## TASK REQUIREMENTS
Leave out the pictures and transcribe the rest of the records exactly.

## RECORDS FOR THE EXERCISE
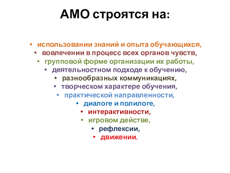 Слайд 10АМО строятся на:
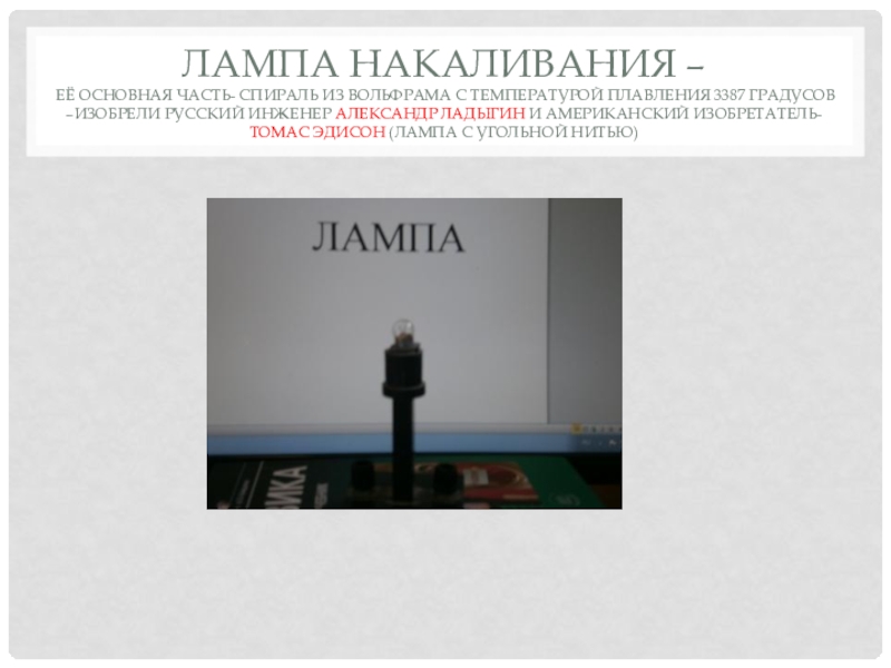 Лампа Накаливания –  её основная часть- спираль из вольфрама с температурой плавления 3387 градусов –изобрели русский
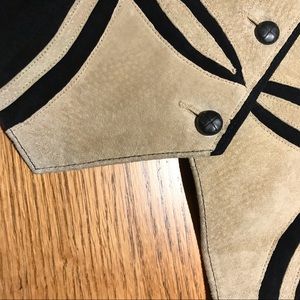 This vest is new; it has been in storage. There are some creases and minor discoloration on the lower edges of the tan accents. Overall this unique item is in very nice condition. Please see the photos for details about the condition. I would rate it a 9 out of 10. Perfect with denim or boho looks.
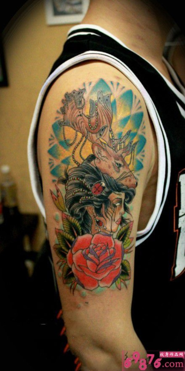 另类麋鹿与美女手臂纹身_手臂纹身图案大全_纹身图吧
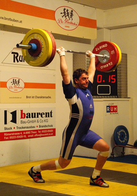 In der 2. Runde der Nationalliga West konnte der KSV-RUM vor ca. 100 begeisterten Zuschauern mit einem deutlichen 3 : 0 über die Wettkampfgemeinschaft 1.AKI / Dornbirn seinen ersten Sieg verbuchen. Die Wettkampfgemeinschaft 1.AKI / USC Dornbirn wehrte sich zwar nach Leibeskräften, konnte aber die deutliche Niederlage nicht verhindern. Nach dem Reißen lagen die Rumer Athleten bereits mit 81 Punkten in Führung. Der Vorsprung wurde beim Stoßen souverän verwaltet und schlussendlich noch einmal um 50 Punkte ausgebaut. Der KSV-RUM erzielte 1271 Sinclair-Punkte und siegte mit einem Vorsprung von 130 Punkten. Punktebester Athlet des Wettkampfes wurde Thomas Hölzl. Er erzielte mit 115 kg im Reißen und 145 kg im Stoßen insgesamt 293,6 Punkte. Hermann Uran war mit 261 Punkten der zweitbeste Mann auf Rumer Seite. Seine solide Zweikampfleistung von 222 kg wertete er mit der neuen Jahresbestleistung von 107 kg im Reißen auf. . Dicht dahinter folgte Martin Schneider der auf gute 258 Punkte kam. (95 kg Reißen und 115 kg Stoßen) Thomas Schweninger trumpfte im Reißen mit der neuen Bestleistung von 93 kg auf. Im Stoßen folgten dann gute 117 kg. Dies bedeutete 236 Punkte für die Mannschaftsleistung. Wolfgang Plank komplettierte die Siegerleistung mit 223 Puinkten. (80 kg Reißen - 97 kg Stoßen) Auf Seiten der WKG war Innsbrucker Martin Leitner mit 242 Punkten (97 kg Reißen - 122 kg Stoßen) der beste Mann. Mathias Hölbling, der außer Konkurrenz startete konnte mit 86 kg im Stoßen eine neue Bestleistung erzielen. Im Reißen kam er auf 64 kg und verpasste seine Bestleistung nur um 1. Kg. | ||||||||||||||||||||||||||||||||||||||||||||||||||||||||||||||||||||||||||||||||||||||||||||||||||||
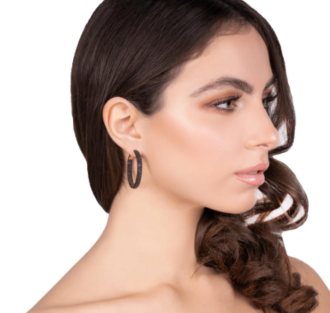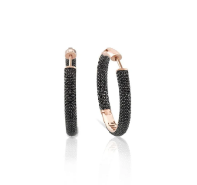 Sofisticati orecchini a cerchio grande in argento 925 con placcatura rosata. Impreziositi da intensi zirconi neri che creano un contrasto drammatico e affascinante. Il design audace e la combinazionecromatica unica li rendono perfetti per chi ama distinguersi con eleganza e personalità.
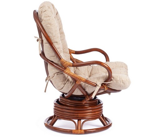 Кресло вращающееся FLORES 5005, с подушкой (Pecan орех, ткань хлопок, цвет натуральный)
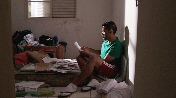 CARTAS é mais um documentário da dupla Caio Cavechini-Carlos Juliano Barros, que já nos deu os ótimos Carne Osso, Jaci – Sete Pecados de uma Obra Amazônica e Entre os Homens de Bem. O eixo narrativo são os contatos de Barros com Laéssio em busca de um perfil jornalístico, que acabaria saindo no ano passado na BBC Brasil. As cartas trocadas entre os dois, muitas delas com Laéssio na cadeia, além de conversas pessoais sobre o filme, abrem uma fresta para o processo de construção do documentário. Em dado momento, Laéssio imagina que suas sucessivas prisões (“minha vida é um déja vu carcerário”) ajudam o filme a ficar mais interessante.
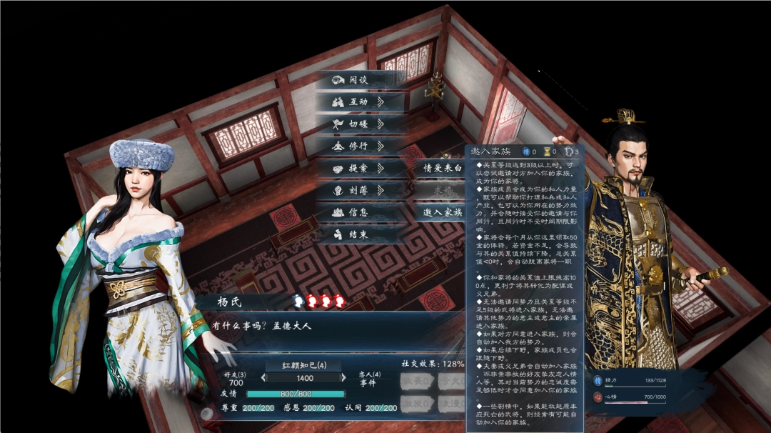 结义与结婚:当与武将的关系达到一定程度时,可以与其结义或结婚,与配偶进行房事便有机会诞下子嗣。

## RESULT BELOW
 Слайд 10АМО строятся на:
 Лампа Накаливания –  её основная часть- спираль из вольфрама с температурой плавления 3387 градусов –изобрели русский
 This vest is new; it has been in storage. There are some creases and minor discoloration on the lower edges of the tan accents. Overall this unique item is in very nice condition. Please see the photos for details about the condition. I would rate it a 9 out of 10. Perfect with denim or boho looks.
 另类麋鹿与美女手臂纹身_手臂纹身图案大全_纹身图吧
 In der 2. Runde der Nationalliga West konnte der KSV-RUM vor ca. 100 begeisterten Zuschauern mit einem deutlichen 3 : 0 über die Wettkampfgemeinschaft 1.AKI / Dornbirn seinen ersten Sieg verbuchen. Die Wettkampfgemeinschaft 1.AKI / USC Dornbirn wehrte sich zwar nach Leibeskräften, konnte aber die deutliche Niederlage nicht verhindern. Nach dem Reißen lagen die Rumer Athleten bereits mit 81 Punkten in Führung. Der Vorsprung wurde beim Stoßen souverän verwaltet und schlussendlich noch einmal um 50 Punkte ausgebaut. Der KSV-RUM erzielte 1271 Sinclair-Punkte und siegte mit einem Vorsprung von 130 Punkten. Punktebester Athlet des Wettkampfes wurde Thomas Hölzl. Er erzielte mit 115 kg im Reißen und 145 kg im Stoßen insgesamt 293,6 Punkte. Hermann Uran war mit 261 Punkten der zweitbeste Mann auf Rumer Seite. Seine solide Zweikampfleistung von 222 kg wertete er mit der neuen Jahresbestleistung von 107 kg im Reißen auf. . Dicht dahinter folgte Martin Schneider der auf gute 258 Punkte kam. (95 kg Reißen und 115 kg Stoßen) Thomas Schweninger trumpfte im Reißen mit der neuen Bestleistung von 93 kg auf. Im Stoßen folgten dann gute 117 kg. Dies bedeutete 236 Punkte für die Mannschaftsleistung. Wolfgang Plank komplettierte die Siegerleistung mit 223 Puinkten. (80 kg Reißen - 97 kg Stoßen) Auf Seiten der WKG war Innsbrucker Martin Leitner mit 242 Punkten (97 kg Reißen - 122 kg Stoßen) der beste Mann. Mathias Hölbling, der außer Konkurrenz startete konnte mit 86 kg im Stoßen eine neue Bestleistung erzielen. Im Reißen kam er auf 64 kg und verpasste seine Bestleistung nur um 1. Kg. | ||||||||||||||||||||||||||||||||||||||||||||||||||||||||||||||||||||||||||||||||||||||||||||||||||||
 Sofisticati orecchini a cerchio grande in argento 925 con placcatura rosata. Impreziositi da intensi zirconi neri che creano un contrasto drammatico e affascinante. Il design audace e la combinazionecromatica unica li rendono perfetti per chi ama distinguersi con eleganza e personalità.
 Кресло вращающееся FLORES 5005, с подушкой (Pecan орех, ткань хлопок, цвет натуральный)
 CARTAS é mais um documentário da dupla Caio Cavechini-Carlos Juliano Barros, que já nos deu os ótimos Carne Osso, Jaci – Sete Pecados de uma Obra Amazônica e Entre os Homens de Bem. O eixo narrativo são os contatos de Barros com Laéssio em busca de um perfil jornalístico, que acabaria saindo no ano passado na BBC Brasil. As cartas trocadas entre os dois, muitas delas com Laéssio na cadeia, além de conversas pessoais sobre o filme, abrem uma fresta para o processo de construção do documentário. Em dado momento, Laéssio imagina que suas sucessivas prisões (“minha vida é um déja vu carcerário”) ajudam o filme a ficar mais interessante.
 结义与结婚:当与武将的关系达到一定程度时,可以与其结义或结婚,与配偶进行房事便有机会诞下子嗣。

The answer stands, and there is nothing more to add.